Num cochilo do porteiro,
roubo a chave do quadro,
pé ante pé sorrateiro,
galgo o terceiro andar.

Um giro na fechadura,
um outro, na maçaneta,
correr de olhos ligeiros:
o teu mundo se revela.

Na gravura de Ouro Preto,
o mistério de teus gestos,
a elegância de teu porte,
requinte de beija-flor.

A mistura de estilos
deslizando pelos cantos,
entre versos de Pessoa
e enredos de Piñon.

Prato inglês de porcelana,
tons de branco e marrom.
Chapéu de corte exótico
sombreando teu olhar

siamês.
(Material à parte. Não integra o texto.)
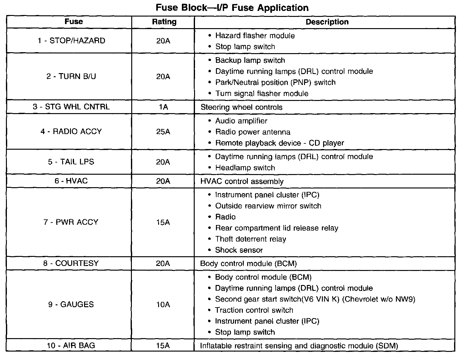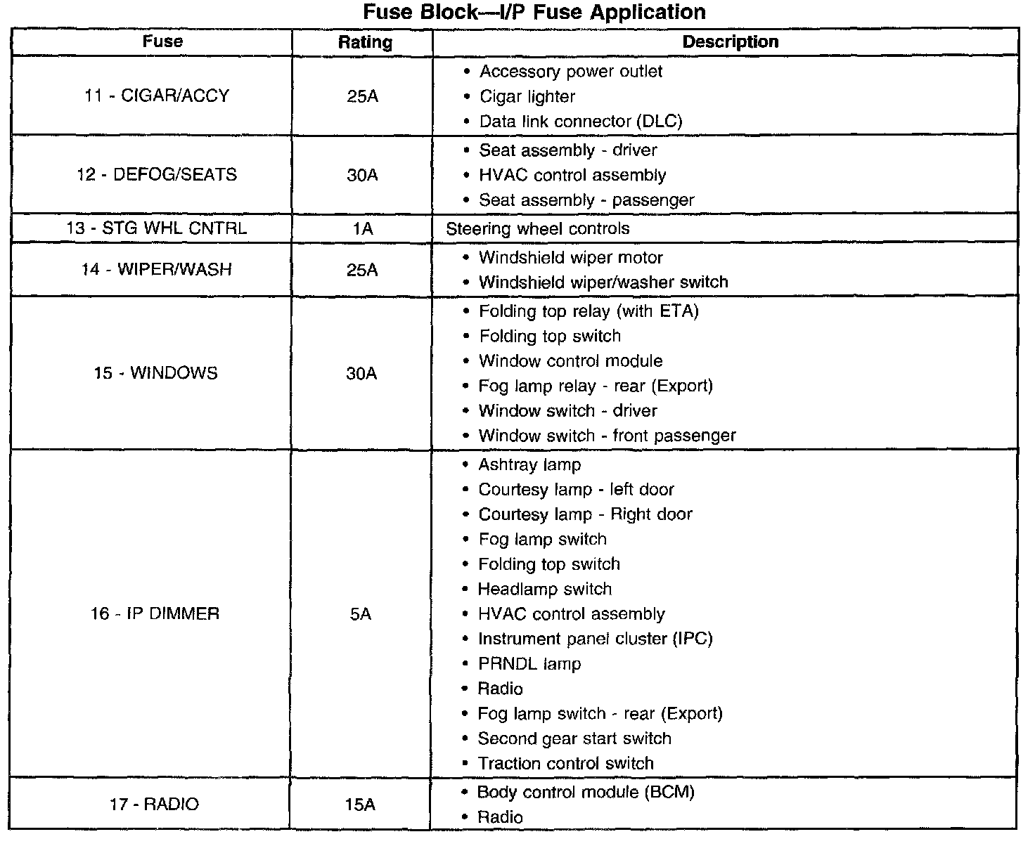 Fuse Block I/P Application Table

E o sorriso
bronzeado no retrato.
Moldura de madrepérola
no piano. A janela.

Surpreendo a pulseira,
jade e prata, displicente,
sobre a mesa de madeira
brilhando cera jasmim.

Os teus modos sacrossantos,
face e cabelo ciganos
estampados na escultura,
mulher de pedra-sabão.

O videocassete preto
guardando Cármen, de Saura.
Recostado na estante
o Bolero, de Ravel.

Nunca te vi dançar
tango, lambada ou tuíste,
mas a cozinha me mostra
teu bailado, teu tempero.

O teu cheiro no banheiro,
xampu, perfume indiano,
a bota de couro cru
no tapete macramê.

A cortina entreaberta,
o vestido de flanela,
a cadeira de balanço,
almofadas pelo chão.

Um mosaico de segredos
nos teus passos de gazela,
nos detalhes, nas paredes,
tua cara, teu perfil.

Pelas frestas entram raios,
arco-íris, tons vermelhos.
Teus desejos espalhados
num pedaço de espelho.

(Santos - 24/4/1990)


2 comentários:

Marcelo Pirajá Sguassábia disse...

Puxa vida, que força e que vida nestes versos. Vi e senti tudo guiado pela tua mão, Lídia. Belo.

Vânia Lúcia Augusto disse...

Você é fantástica e escreve fantasticamente! bjo e saudades... (vc faz falta!)